This repository contains source code for the TaBERT
model, a pre-trained language model for learning joint representations of natural language utterances and (semi-)structured tables for semantic parsing. TaBERT
is pre-trained on a massive corpus of 26M Web tables and their associated natural language context, and could be used as a drop-in replacement of a semantic parsers original encoder to compute representations for utterances and table schemas (columns).
First, install the conda environment tabert
with supporting libraries.
bash scripts/setup_env.sh
Once the conda environment is created, install TaBERT
using the following command:
conda activate tabert
pip install --editable .
Integration with HuggingFace's pytorch-transformers Library is still WIP. While all the pre-trained models were developed based on the old version of the library pytorch-pretrained-bert
, they are compatible with the the latest version transformers
. The conda environment will install both versions of the transformers library, and TaBERT
will use pytorch-pretrained-bert
by default. You could uninstall the pytorch-pretrained-bert
library if you prefer using TaBERT
with the latest version of transformers
.
Pre-trained models could be downloaded from this Google Drive shared folder. Please uncompress the tarball files before usage.

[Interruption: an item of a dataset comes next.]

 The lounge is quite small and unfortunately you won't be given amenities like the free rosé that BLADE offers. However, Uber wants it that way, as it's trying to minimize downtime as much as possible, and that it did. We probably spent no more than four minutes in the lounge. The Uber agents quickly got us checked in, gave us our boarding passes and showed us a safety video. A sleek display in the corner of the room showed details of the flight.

Pre-trained models could be downloaded from command line as follows:
pip install gdown
# TaBERT_Base_(k=1)
gdown 'https://drive.google.com/uc?id=1-pdtksj9RzC4yEqdrJQaZu4-dIEXZbM9'
# TaBERT_Base_(K=3)
gdown 'https://drive.google.com/uc?id=1NPxbGhwJF1uU9EC18YFsEZYE-IQR7ZLj'
# TaBERT_Large_(k=1)
gdown 'https://drive.google.com/uc?id=1eLJFUWnrJRo6QpROYWKXlbSOjRDDZ3yZ'
# TaBERT_Large_(K=3)
gdown 'https://drive.google.com/uc?id=17NTNIqxqYexAzaH_TgEfK42-KmjIRC-g'
To load a pre-trained model from a checkpoint file:
from table_bert import TableBertModel
model = TableBertModel.from_pretrained(
'path/to/pretrained/model/checkpoint.bin',
)
To produce representations of natural language text and and its associated table:
from table_bert import Table, Column
table = Table(
id='List of countries by GDP (PPP)',
header=[
Column('Nation', 'text', sample_value='United States'),
Column('Gross Domestic Product', 'real', sample_value='21,439,453')
],
data=[
['United States', '21,439,453'],
['China', '27,308,857'],
['European Union', '22,774,165'],
]
).tokenize(model.tokenizer)
# To visualize table in an IPython notebook:
# display(table.to_data_frame(), detokenize=True)

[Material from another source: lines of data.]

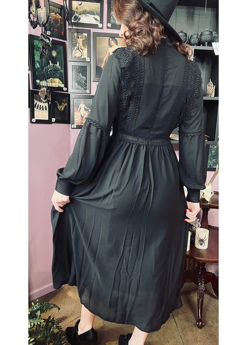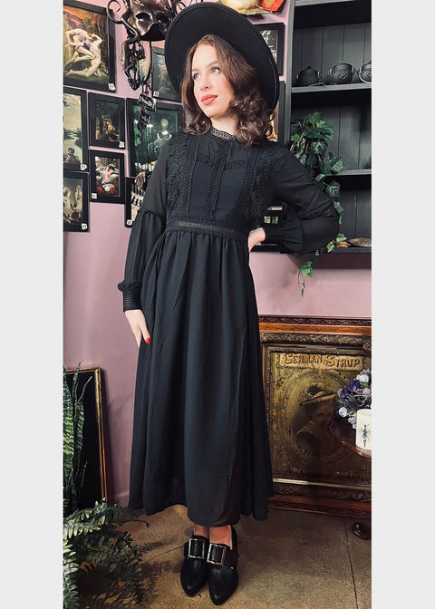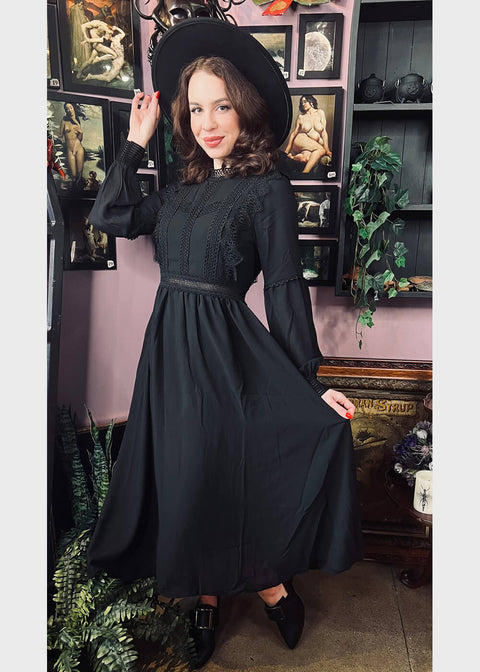 Agatha forener elegance, femininitet og mystik! Denne smukke maxikjole har en høj halsudskæring med lange biskopsærmer og er prydet med fine blonder på overkroppen. Nederdelen er vid og opfylder alle dine dark cottagecore-drømme! Om du er på vej til din coven eller din kontorhave: hvor vil du først bære din Agatha?
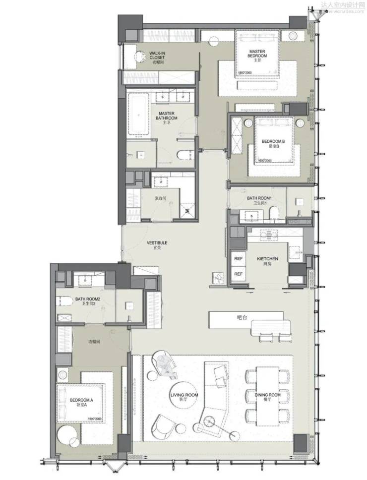 在华润杭州亚运村超高层公寓项目中,DIA主持了四个交付户型的室内设计,本文为大家重点展示其中F1户型精装样板间。
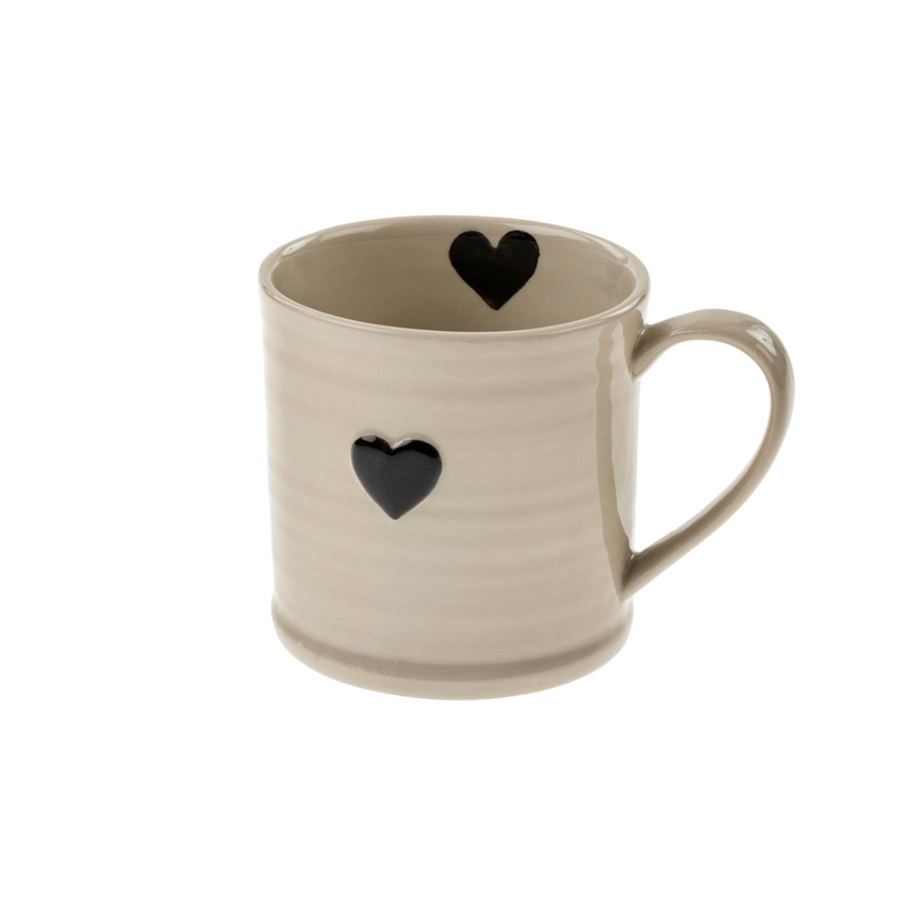 Handcrafted with care, this mug features a smooth, durable finish and a stylish black heart detail, blending timeless design with everyday functionality.

context = 'show me countries ranked by GDP'
# model takes batched, tokenized inputs
context_encoding, column_encoding, info_dict = model.encode(
contexts=[model.tokenizer.tokenize(context)],
tables=[table]
)
For the returned tuple, context_encoding
and column_encoding
are PyTorch tensors
representing utterances and table columns, respectively. info_dict
contains useful
meta information (e.g., context/table masks, the original input tensors to BERT) for
downstream application.
context_encoding.shape
>>> torch.Size([1, 7, 768])
column_encoding.shape
>>> torch.Size([1, 2, 768])
Use Vanilla BERT To initialize a TaBERT model from the parameters of BERT:
from table_bert import TableBertModel
model = TableBertModel.from_pretrained('bert-base-uncased')

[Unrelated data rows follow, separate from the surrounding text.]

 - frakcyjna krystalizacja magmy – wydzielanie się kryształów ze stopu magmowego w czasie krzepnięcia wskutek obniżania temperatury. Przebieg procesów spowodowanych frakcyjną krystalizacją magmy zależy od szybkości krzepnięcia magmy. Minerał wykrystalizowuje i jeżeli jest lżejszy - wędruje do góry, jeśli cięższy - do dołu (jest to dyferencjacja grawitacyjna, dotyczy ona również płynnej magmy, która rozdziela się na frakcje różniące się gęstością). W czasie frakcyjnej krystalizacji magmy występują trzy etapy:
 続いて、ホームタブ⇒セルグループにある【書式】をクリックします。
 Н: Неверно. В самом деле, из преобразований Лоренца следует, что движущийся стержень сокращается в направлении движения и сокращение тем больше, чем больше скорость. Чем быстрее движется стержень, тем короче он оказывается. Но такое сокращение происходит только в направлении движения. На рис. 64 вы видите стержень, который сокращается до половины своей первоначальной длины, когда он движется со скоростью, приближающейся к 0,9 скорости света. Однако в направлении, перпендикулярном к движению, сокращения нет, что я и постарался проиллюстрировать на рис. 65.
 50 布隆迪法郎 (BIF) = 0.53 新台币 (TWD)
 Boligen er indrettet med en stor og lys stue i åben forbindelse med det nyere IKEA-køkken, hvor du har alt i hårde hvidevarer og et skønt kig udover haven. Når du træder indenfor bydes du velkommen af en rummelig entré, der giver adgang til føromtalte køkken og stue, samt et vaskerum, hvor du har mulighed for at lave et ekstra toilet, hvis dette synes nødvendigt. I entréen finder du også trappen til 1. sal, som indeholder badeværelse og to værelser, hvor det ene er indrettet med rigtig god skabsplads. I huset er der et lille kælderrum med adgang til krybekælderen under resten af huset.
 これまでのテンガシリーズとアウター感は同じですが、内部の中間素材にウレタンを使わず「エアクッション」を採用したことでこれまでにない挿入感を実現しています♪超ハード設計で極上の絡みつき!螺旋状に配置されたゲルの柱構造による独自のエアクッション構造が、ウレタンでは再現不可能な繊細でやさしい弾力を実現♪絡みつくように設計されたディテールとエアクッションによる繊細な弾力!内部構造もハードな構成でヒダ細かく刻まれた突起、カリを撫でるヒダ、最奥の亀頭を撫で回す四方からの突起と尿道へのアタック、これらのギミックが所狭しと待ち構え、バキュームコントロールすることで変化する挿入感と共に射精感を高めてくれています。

TaBERT could be used as a general-purpose representation learning layer for semantic parsing tasks over database tables. Example applications could be found under the examples
folder.
If you plan to use TaBERT
in your project, please consider citing our paper:
@inproceedings{yin20acl,
title = {Ta{BERT}: Pretraining for Joint Understanding of Textual and Tabular Data},
author = {Pengcheng Yin and Graham Neubig and Wen-tau Yih and Sebastian Riedel},
booktitle = {Annual Conference of the Association for Computational Linguistics (ACL)},
month = {July},
year = {2020}
}
TaBERT is CC-BY-NC 4.0 licensed as of now.